5/XII. День Конституции… Два моих, с позволенья сказать, «дела» разбирают с августа м<еся>ца. А блага конституции я испытываю уже 22 года.
Достигнув истины, мир погибнет (ночная мысль).
…Поэтому ложь — великое жизненное начало?
В. М.[1] Есть люди с великими плюсами еврейства (неугомонная мысль, готовность во имя ее пойти на отвержение и на смерть, доброта и верность друзьям и единомышленникам).
У В. М. великие минусы еврейства. (Талант предательства, причем преданный-то и оказывается виноватым, по логике В. М., бесстыдная грубая чувственность, не смягченная некоторой необходимой в любви тонкой дипломатией чувства, уменьем с этой темной стороны подойти к человеку, не оскорбив его. Скаредность духовная и самая обыкновенная, внешняя: брать у ней очень тяжело. Низменность натуры и характера. Двурушничество.) Даже родные говорят: «Невозможно жить вместе. Страшно тяжелый характер». Никогда не доверяла людям с впалыми ладонями (признак низменности и скупости), чувствовала отвращение к таким людям, и вот глупо клюнула на приманку. А приманка — лесть, якобы понимание. В действительности же в самые лучшие минуты обнаруживалась зловещая рознь, как сказал бы Розанов, метафизическое отдаление.
Про себя М. и в прошлом, и сейчас дает весьма презрительную оценку моему способу мыслить и чувствовать. «Саккар и Милый друг»[2]. Надо было сразу уйти после этих случайных, а значит, тем более натуральных высказываний.
У меня здесь, в Москве, только самолюбие, любопытство и жажда реванша. Притяжение давно уже угасло.
А «реванш» к чему? Что мне с ним делать?
Вспоминаю о том, что было, с обычным своим холодным отвращением.
Вспомню и плечами пожимаю
В холоде сердечной немоты.
Я тоже не из «идеальных людей». Никакого «сучка и задоринки» у ближнего я не забываю. Не мщу, не затаиваю злобу, а просто не забываю и не прощаю.

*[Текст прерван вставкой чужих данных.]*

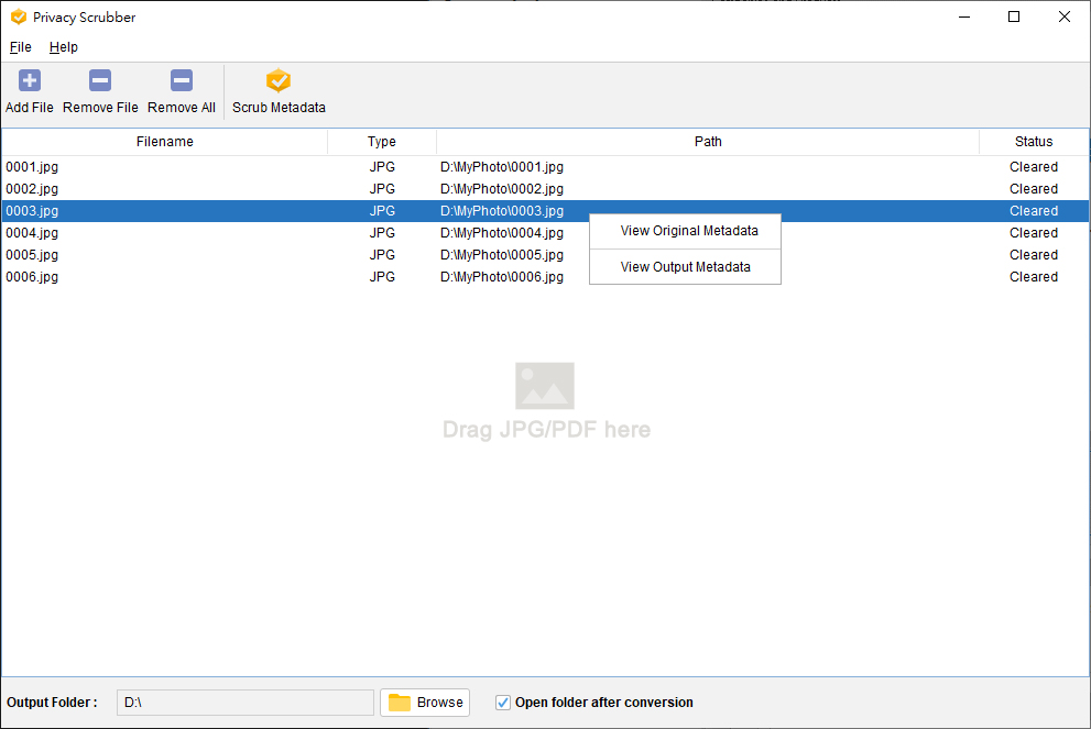 Built-In Metadata Verification: Trust, but verify. Right-click any file in the queue to "View Original Metadata" and see exactly what hidden data you are currently leaking. After processing, right-click again to "Verify Cleaned Metadata" and confirm the file is completely sanitized.

Омерзительная лживость у М. Не знаю, сознательная или бессознательная. Вернее — первое. Есть ум, и довольно острый, могущий дать хотя бы себе отчет в своих довольно паскудненьких действиях.
Уйти в свой угол и писать. А угла нет. Я втиснута в самую середину букета советских обывателей. Ароматный букет. Задохнуться можно. Крикливые, глупые женщины, крикливые банальные дети, мало похожие на «ангельские душеньки». «Половая жизнь», т. е. спать приходится на полу довольно часто. И метафизические квадриллионы расстояния между мной и всеми почти окружающими. Да, есть мистические пространства, недавно поняла это. Дело не в относительной ценности моей и моих ближних, а в разности духовных планов, не уровней, а планов.
Ночью темно-розовое небо. Мысли об «испытаниях» атомок и о грядущих катастрофах. Культура потеряла всякий смысл. Порой ненависть к «благодетелям» — Леонардо да Винчи, Кюри, Руссо, Марксу — и злорадство: вы же одни из первых и будете уничтожены, и вся ваша гуманная болтология полетит к черту.
«Преображение природы». Каспийское море высыхает. Рыба и растительность в Тихом океане отравлены радиоизлучениями (атомки). И я чувствую, что над муравейником занесена огромная ножища в сапоге, подбитом острыми гвоздями, что муравейник будет сожжен и растоптан. Все-таки хлопочу о «реабилитации», мечтаю о своем угле и писании. Другим муравьям простительно. Они ничего не чувствуют; а я — умный муравей.
Мальчики сидят в карете, держатся за шнурочки, привязанные к стенке кареты, и думают, что управляют (Толстой. «Война и мир»).
Наш каторжный тюремный быт был гораздо легче, приемлемее, организованнее и умнее московского семейного быта. Мы, арестанты, не грызлись так, как грызутся здесь в семьях.